**Work to complete:** Give the data again exactly, without images.
(Source material)
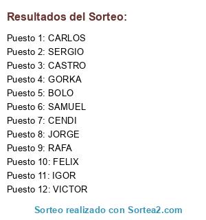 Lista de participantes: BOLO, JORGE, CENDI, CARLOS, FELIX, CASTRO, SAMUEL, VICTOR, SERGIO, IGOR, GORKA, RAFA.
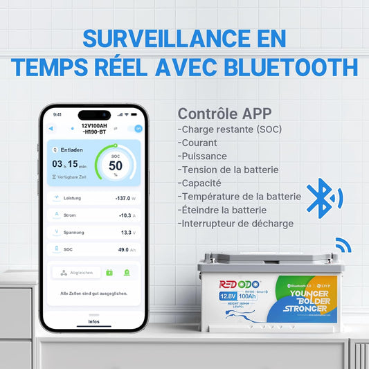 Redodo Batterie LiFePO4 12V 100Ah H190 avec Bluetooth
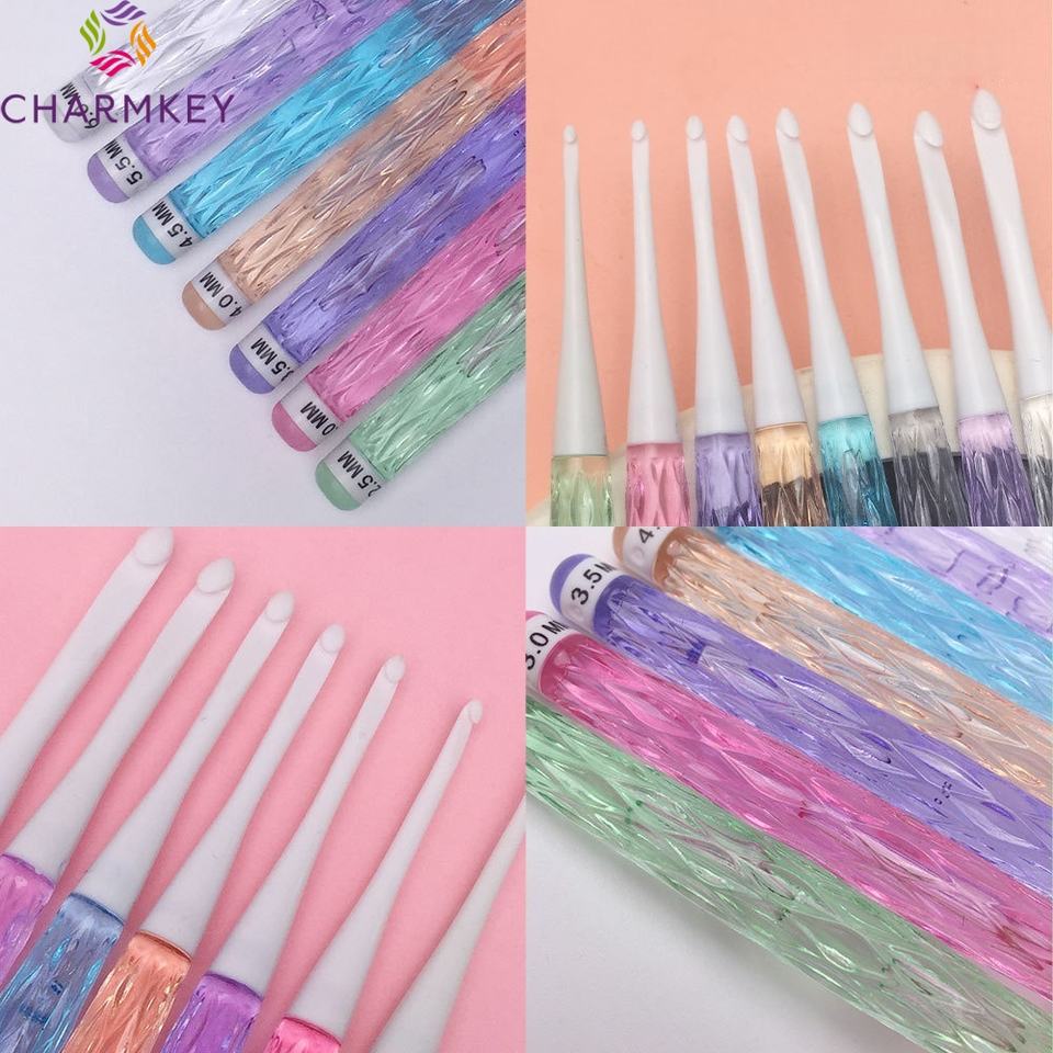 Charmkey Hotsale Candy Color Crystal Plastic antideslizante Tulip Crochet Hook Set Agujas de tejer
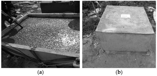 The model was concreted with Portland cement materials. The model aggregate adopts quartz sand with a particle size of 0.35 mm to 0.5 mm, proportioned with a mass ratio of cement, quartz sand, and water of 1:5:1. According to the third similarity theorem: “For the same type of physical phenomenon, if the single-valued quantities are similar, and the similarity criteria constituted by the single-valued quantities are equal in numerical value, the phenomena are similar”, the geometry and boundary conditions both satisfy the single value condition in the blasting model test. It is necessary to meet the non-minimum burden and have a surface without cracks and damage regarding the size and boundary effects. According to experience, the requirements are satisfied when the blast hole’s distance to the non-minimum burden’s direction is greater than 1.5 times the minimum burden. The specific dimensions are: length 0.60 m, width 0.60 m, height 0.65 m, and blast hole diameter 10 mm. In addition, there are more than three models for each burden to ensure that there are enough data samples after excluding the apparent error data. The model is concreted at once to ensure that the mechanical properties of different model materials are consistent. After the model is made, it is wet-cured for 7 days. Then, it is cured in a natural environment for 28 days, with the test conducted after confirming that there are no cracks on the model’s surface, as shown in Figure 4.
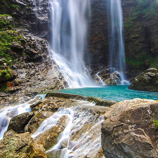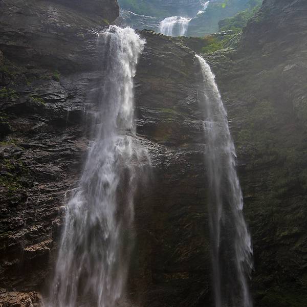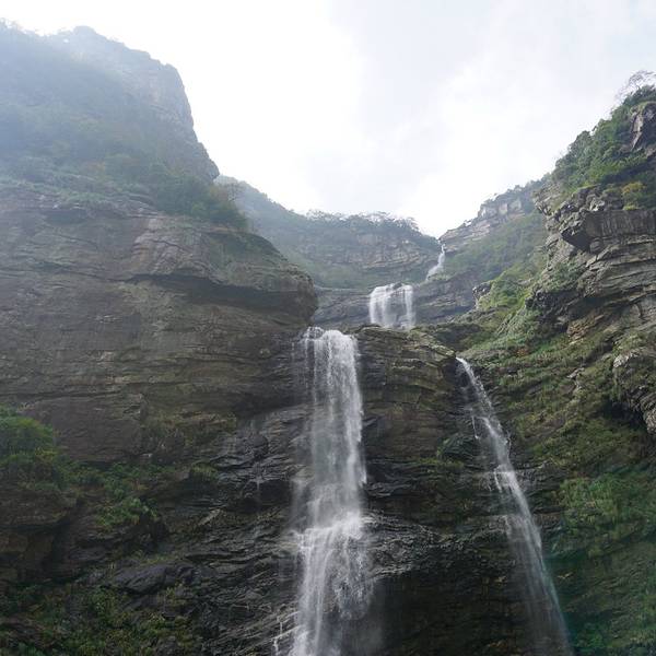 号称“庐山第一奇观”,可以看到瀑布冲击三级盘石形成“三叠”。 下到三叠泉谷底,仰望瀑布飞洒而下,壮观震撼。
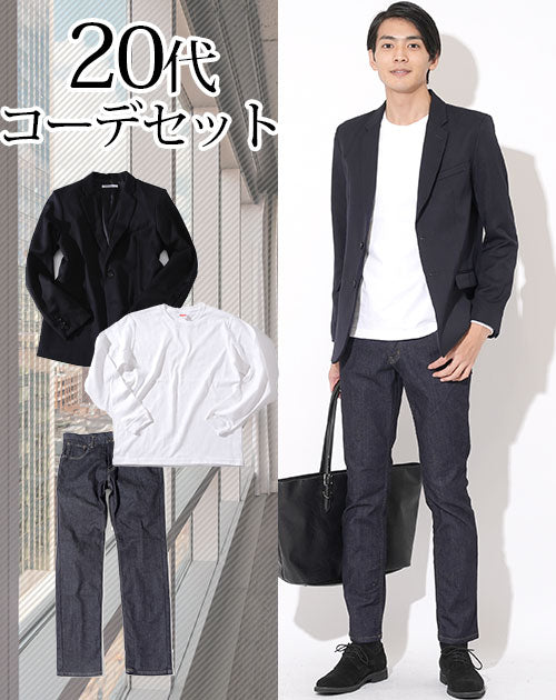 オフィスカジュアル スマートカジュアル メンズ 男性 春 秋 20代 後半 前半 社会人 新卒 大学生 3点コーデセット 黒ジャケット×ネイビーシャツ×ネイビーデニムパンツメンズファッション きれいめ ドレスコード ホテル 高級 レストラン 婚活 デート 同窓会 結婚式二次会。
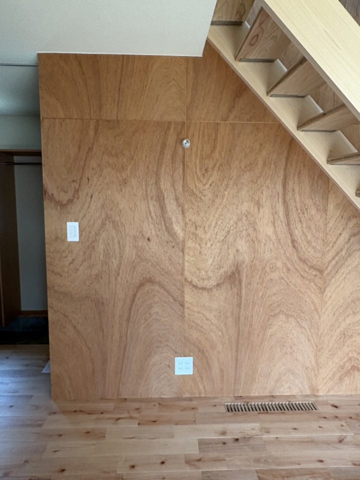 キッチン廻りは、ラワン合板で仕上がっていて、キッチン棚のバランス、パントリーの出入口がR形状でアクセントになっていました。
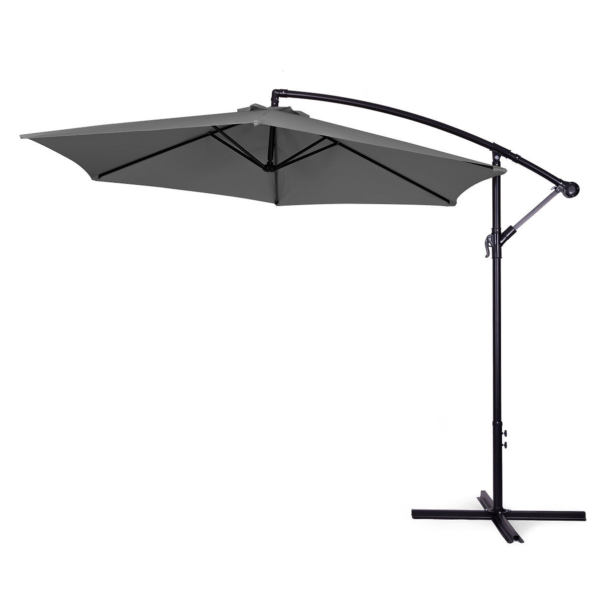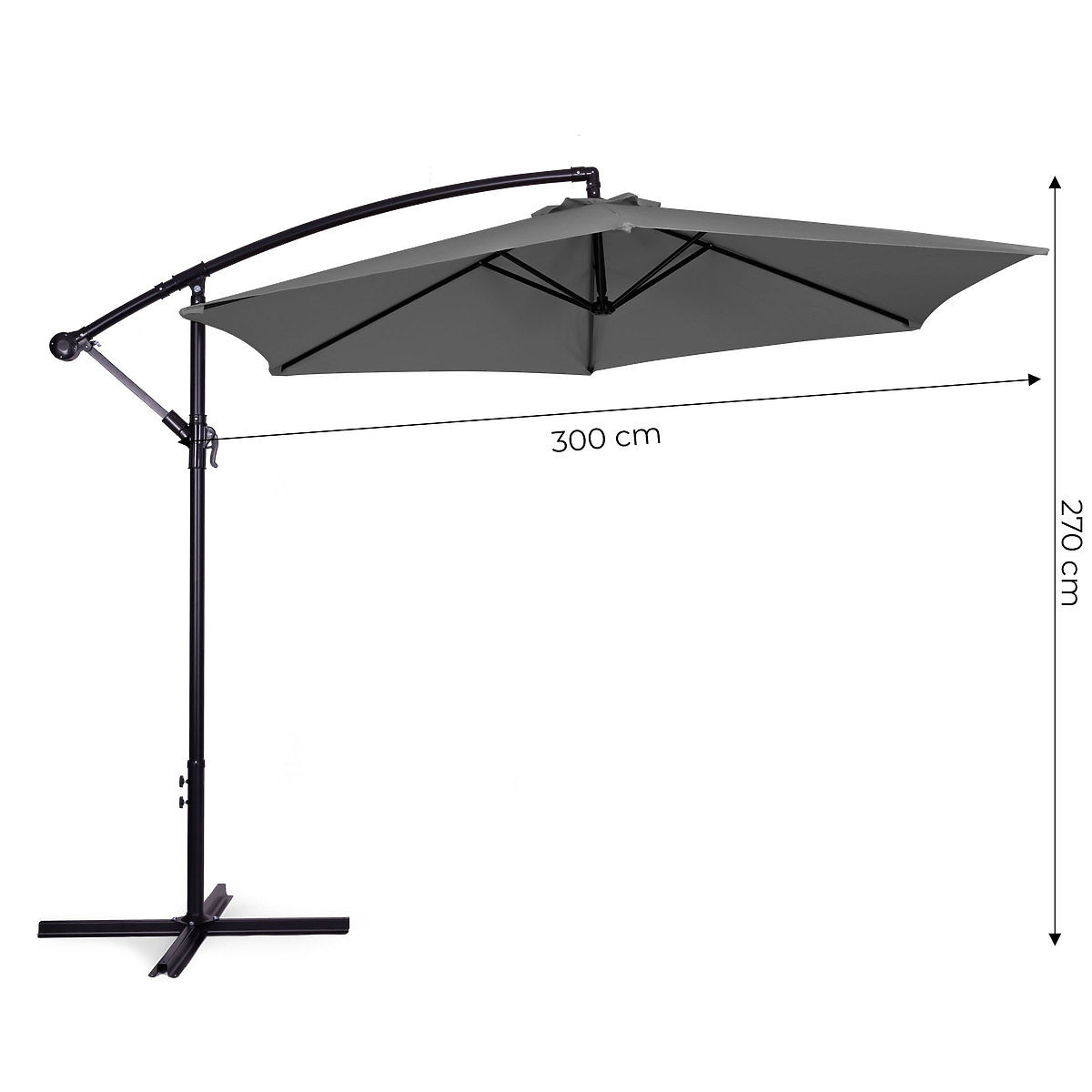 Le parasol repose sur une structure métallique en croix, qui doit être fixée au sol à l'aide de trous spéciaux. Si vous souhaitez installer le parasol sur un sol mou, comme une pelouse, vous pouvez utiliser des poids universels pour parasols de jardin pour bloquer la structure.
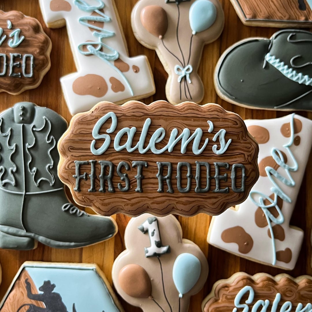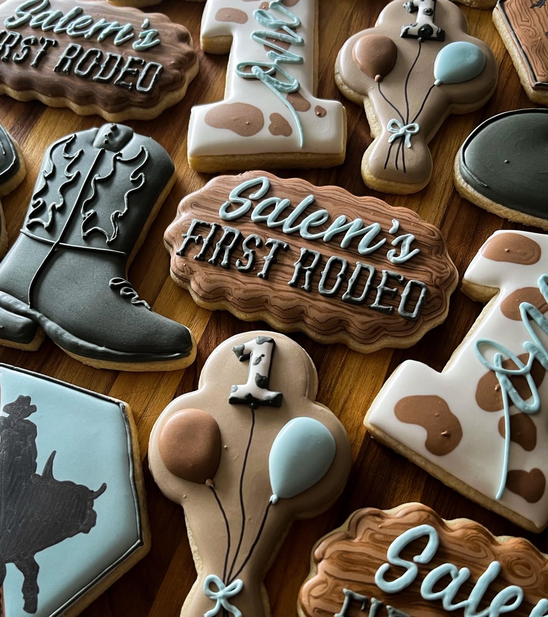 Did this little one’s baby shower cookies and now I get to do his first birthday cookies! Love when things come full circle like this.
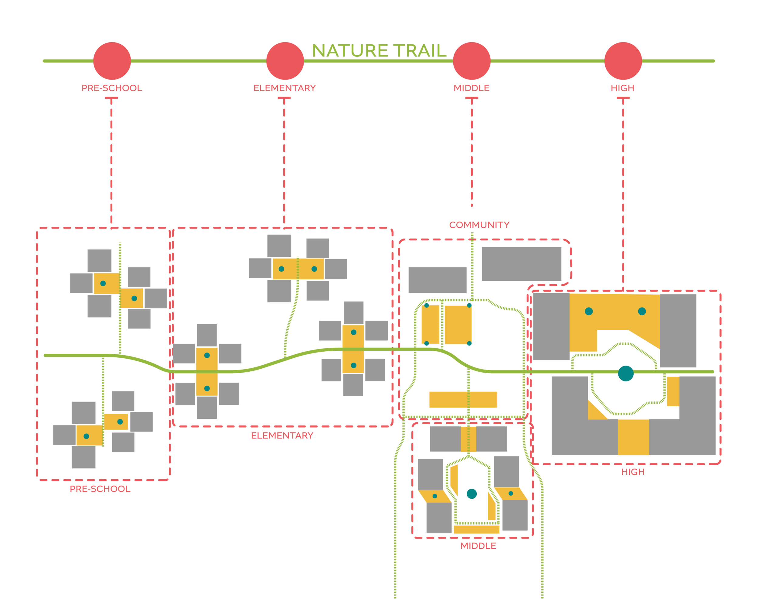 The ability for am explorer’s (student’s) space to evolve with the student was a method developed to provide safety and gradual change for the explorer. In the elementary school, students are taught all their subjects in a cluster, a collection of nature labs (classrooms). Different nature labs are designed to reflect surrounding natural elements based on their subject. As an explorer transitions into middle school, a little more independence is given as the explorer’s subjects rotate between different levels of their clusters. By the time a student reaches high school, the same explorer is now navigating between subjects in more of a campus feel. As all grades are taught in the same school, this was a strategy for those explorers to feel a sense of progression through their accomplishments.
(End Source material)
**Output below:**
 Lista de participantes: BOLO, JORGE, CENDI, CARLOS, FELIX, CASTRO, SAMUEL, VICTOR, SERGIO, IGOR, GORKA, RAFA.
 Redodo Batterie LiFePO4 12V 100Ah H190 avec Bluetooth
 Charmkey Hotsale Candy Color Crystal Plastic antideslizante Tulip Crochet Hook Set Agujas de tejer
 The model was concreted with Portland cement materials. The model aggregate adopts quartz sand with a particle size of 0.35 mm to 0.5 mm, proportioned with a mass ratio of cement, quartz sand, and water of 1:5:1. According to the third similarity theorem: “For the same type of physical phenomenon, if the single-valued quantities are similar, and the similarity criteria constituted by the single-valued quantities are equal in numerical value, the phenomena are similar”, the geometry and boundary conditions both satisfy the single value condition in the blasting model test. It is necessary to meet the non-minimum burden and have a surface without cracks and damage regarding the size and boundary effects. According to experience, the requirements are satisfied when the blast hole’s distance to the non-minimum burden’s direction is greater than 1.5 times the minimum burden. The specific dimensions are: length 0.60 m, width 0.60 m, height 0.65 m, and blast hole diameter 10 mm. In addition, there are more than three models for each burden to ensure that there are enough data samples after excluding the apparent error data. The model is concreted at once to ensure that the mechanical properties of different model materials are consistent. After the model is made, it is wet-cured for 7 days. Then, it is cured in a natural environment for 28 days, with the test conducted after confirming that there are no cracks on the model’s surface, as shown in Figure 4.
 号称“庐山第一奇观”,可以看到瀑布冲击三级盘石形成“三叠”。 下到三叠泉谷底,仰望瀑布飞洒而下,壮观震撼。
 オフィスカジュアル スマートカジュアル メンズ 男性 春 秋 20代 後半 前半 社会人 新卒 大学生 3点コーデセット 黒ジャケット×ネイビーシャツ×ネイビーデニムパンツメンズファッション きれいめ ドレスコード ホテル 高級 レストラン 婚活 デート 同窓会 結婚式二次会。
 キッチン廻りは、ラワン合板で仕上がっていて、キッチン棚のバランス、パントリーの出入口がR形状でアクセントになっていました。
 Le parasol repose sur une structure métallique en croix, qui doit être fixée au sol à l'aide de trous spéciaux. Si vous souhaitez installer le parasol sur un sol mou, comme une pelouse, vous pouvez utiliser des poids universels pour parasols de jardin pour bloquer la structure.
 Did this little one’s baby shower cookies and now I get to do his first birthday cookies! Love when things come full circle like this.
 The ability for am explorer’s (student’s) space to evolve with the student was a method developed to provide safety and gradual change for the explorer. In the elementary school, students are taught all their subjects in a cluster, a collection of nature labs (classrooms). Different nature labs are designed to reflect surrounding natural elements based on their subject. As an explorer transitions into middle school, a little more independence is given as the explorer’s subjects rotate between different levels of their clusters. By the time a student reaches high school, the same explorer is now navigating between subjects in more of a campus feel. As all grades are taught in the same school, this was a strategy for those explorers to feel a sense of progression through their accomplishments.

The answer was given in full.